[SUPPLIED MATERIAL — start]

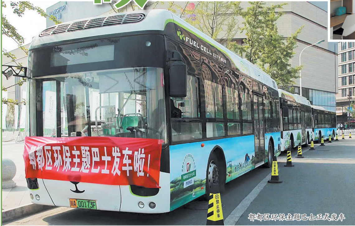
郫都区环保主题巴士正式发车
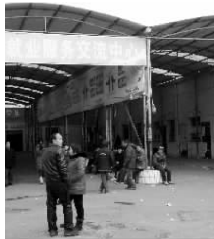
中午12点，空荡荡的安德门市场
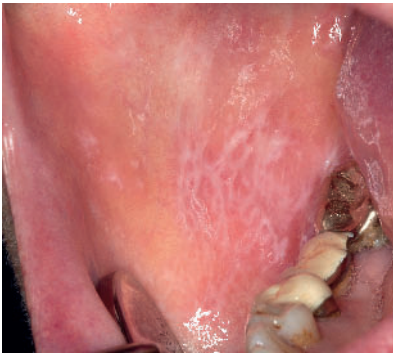
Abbildung 7 Klassische retikuläre Wickham-Streifung der rechten Wange bei oralem Lichen.

Figure 7 Reticular, a network of raised white lines or striae: lichen planus.

[SUPPLIED MATERIAL — finish]

Retype word for word the lines running from the line containing "Abbildung 7 Klassische" to the end of the listing, and only those.

Abbildung 7 Klassische retikuläre Wickham-Streifung der rechten Wange bei oralem Lichen.

Figure 7 Reticular, a network of raised white lines or striae: lichen planus.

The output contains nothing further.